From the onset, the Poor House maintained its own farm and those able were expected to assist in the functioning of it. Records indicate during 1862, for example, that 44 tons of hay were produced, 905 bushels of corn, 685 bushels of potatoes, 340 bushels of oats grown and 1,348 pounds of butter churned. Other garden vegetables included peas, beans, turnips, onions, parsnips, beets, carrots, pumpkins, and cabbage. Rye rounded out the field production.
The upkeep and proper treatment of the poor was a large undertaking. The annual budget for the house included the salary paid the Keeper of the Poor, or Overseer, as he would later be referred.
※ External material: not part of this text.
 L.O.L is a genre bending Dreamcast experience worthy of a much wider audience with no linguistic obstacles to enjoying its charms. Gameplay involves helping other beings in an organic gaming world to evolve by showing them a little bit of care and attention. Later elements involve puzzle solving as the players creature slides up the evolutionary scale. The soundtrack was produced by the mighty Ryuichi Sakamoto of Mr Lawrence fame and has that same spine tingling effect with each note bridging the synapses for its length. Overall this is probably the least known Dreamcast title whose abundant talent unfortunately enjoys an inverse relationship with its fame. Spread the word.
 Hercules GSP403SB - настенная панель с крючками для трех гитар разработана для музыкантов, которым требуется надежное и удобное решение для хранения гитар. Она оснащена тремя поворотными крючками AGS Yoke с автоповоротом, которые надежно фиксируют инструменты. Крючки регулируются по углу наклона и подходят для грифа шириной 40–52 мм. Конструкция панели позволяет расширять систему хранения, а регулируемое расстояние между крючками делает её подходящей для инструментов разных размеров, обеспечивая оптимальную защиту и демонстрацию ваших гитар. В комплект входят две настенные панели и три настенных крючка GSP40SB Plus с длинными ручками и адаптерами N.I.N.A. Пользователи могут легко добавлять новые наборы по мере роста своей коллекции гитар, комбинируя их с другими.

The salary for 1862 was $300. Hired help, physicians, teachers, clergy, repairmen and other staff were also required to assure smooth running of the facility.
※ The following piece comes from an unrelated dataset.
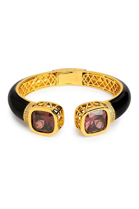 Deep wine-colored cubic zirconia accents, Black enamel finish, Intricate brass design with cutwork detailing
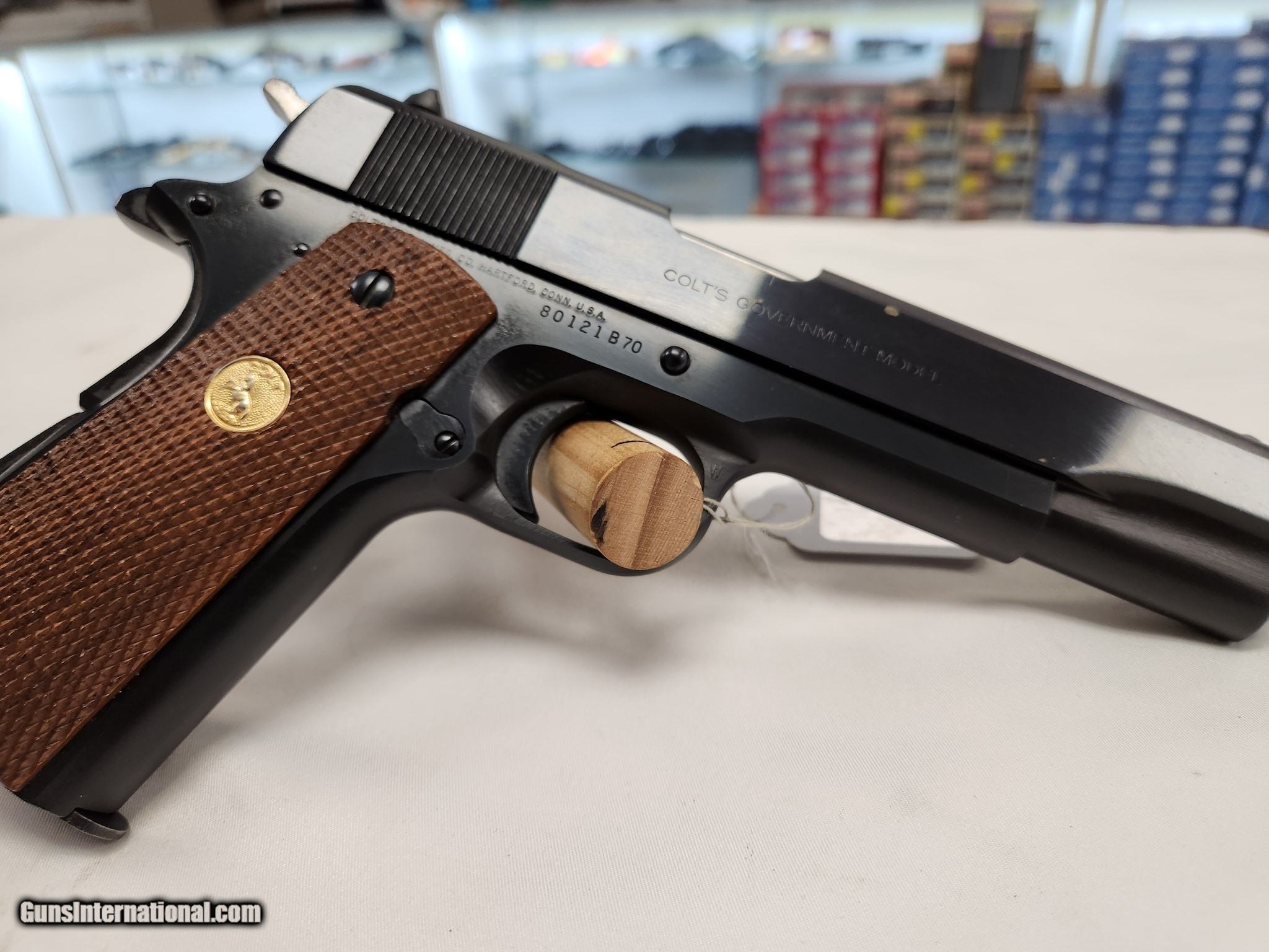 Description: Guns Listing ID: 1127069 Beautiful 1981 colt mark iv series 70 government model! This pistol is in beautiful shape considering it‚‚s age almost 44 years old! What better way to own a part of classic Colt history than to pick this beautiful 45 acp! no box but this pistol is in very good condition with a few small marks ,,, in pictures SOLD Manufacturer: COLT Model: 1911 GOVERNMENT MODEL MKIV SERIES 70 Caliber Info: .45 ACP Condition: Used - Non-Certified Barrels: 5 BARREL Finish: BLUED |

Each year the Overseer made a report to the Board of Supervisors and gave a detailed account of activities and an inventory of everything in the house, right down to the last knife and fork. Some early years even included a list of the names, if known, of the residents. One such individual was known only as "Crazy Beck," reiterating the misconceptions that being a pauper was somehow linked to mental illness.
During the course of the year, it was common for there to be a turnover rate of about two to one. This meant the resulting number of paupers in the house at the end of the year was about half of what it started. It is presumed that some only needed a temporary place to stay until their situation improved or perhaps family members took them in.
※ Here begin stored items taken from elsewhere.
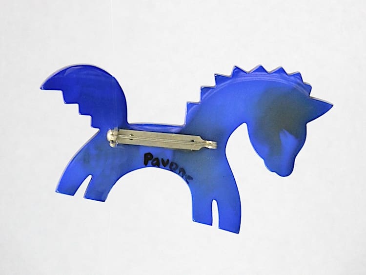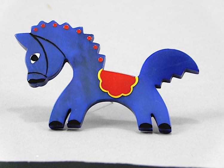 French vintage galalith hand painted art deco circus horse brooch.
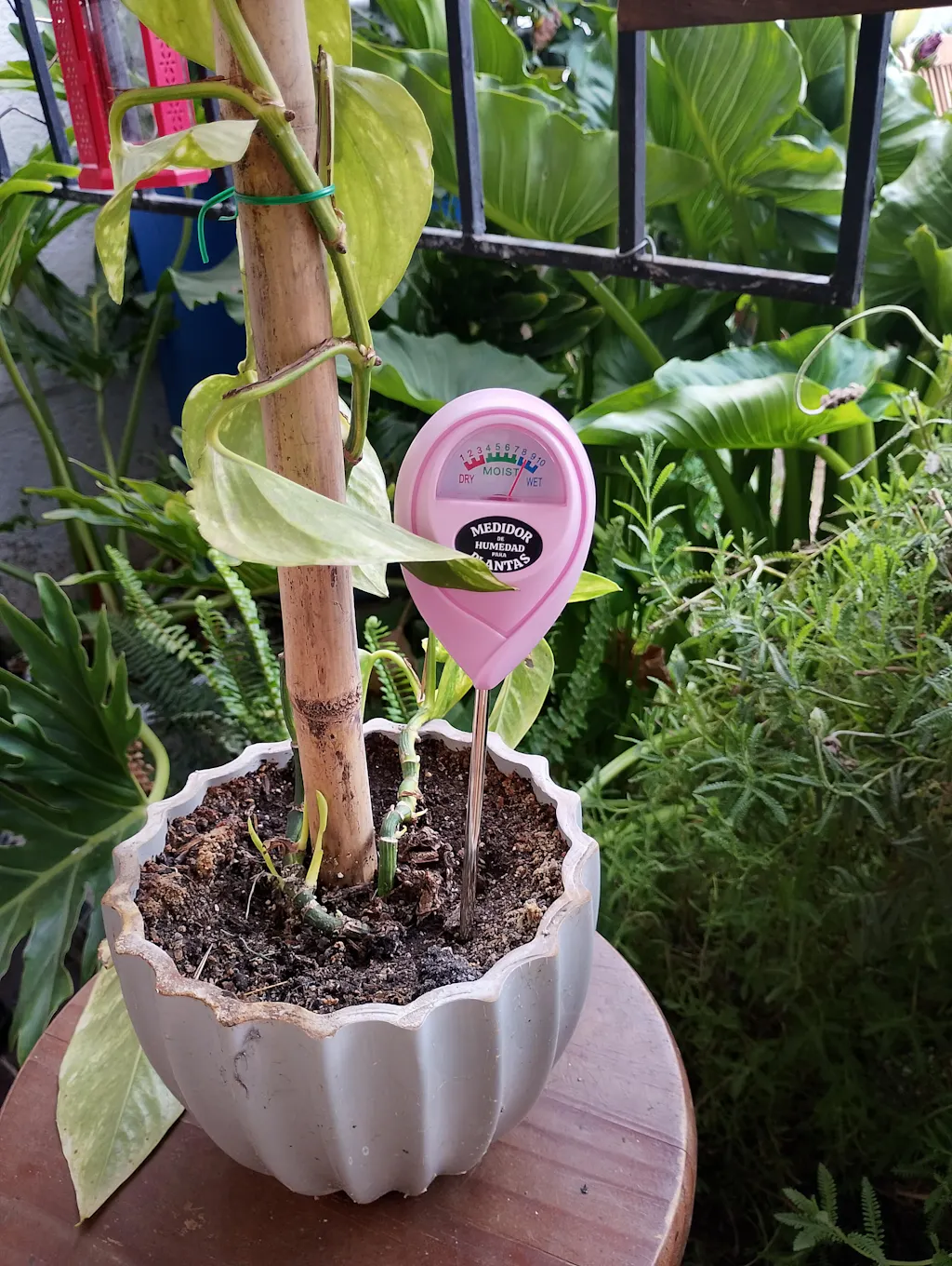 - Introduce el medidor hasta la base de tu maceta.
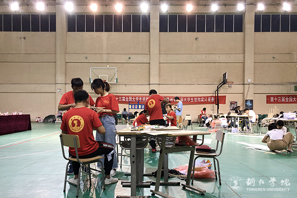 参赛队伍在比赛现场制作模型
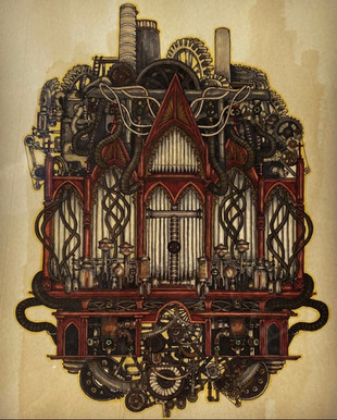 This whole piece has a lovely texture, what did you use to make it? I want to say colored pencils but I'm bot sure. It adds to the overall aged effect. I particularly like the pipe in the middle in middle that bulges forward, its a nice depth giving effect and the various pipes at the top. There's organ pipes, a chimney, and a water spicket. Very nice.
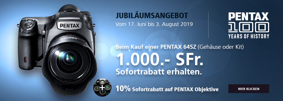 Pentax feiert dieses Jahr ihr 100jähriges Jubiläum. Aus diesem Anlass gibt es auf verschiedene Pentax-Kameras interessante Sofortrabatte. Die Jubiläumsaktion läuft noch bis 3. August 2019. Die Aktionen betreffen die Mittelformatmodell 645Z, die Pentax K-1 II sowie die dazugehörenden Objektive.
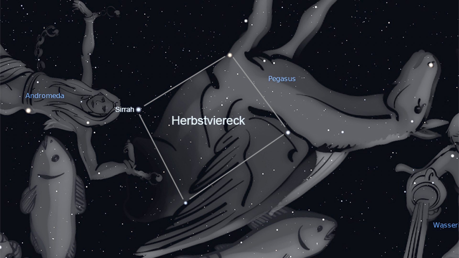 Gleichzeitig gehen aber im Osten bereits die ersten Herbst-Sternbilder auf – und mit ihnen das Herbstviereck. Bei ihm handelt es sich nicht um ein Sternbild, sondern um eine aus vier Sternen verschiedener Konstellationen gebildete Form. Das helle Quadrat aus Sternen besteht aus den drei hellsten Sternen im Sternbild Pegasus und dem Hauptstern der Andromeda. Weil dieses Himmelsquadrat vom Spätsommer bis Ende Oktober sichtbar ist, gilt es als eines der Kennzeichen des astronomischen Herbstes.

As the 19th century progressed the amount of paupers using the facility remained fairly constant, ranging from a final count of 101 in 1862 to 73 persons in 1883. During this time span, the salary for the Overseer had increased to $450 per year, but the cost to care for the poor had decreased considerably. This is most likely attributable to better farming methods which produced surplus cash crops which more than offset the needs of the population.
While those in charge seemed to be doing an adequate job in providing for the needs of the residents, the facility itself was becoming antiquated. In May of 1882, a committee was formed to provide estimates for building a new structure. Only two years earlier it had been determined by another committee during a visitation that the structure was condemned as "utterly unfit to provide in a humanitarian and Christian manner for its inmates." The amount for erection of the new house was not to exceed $25,000.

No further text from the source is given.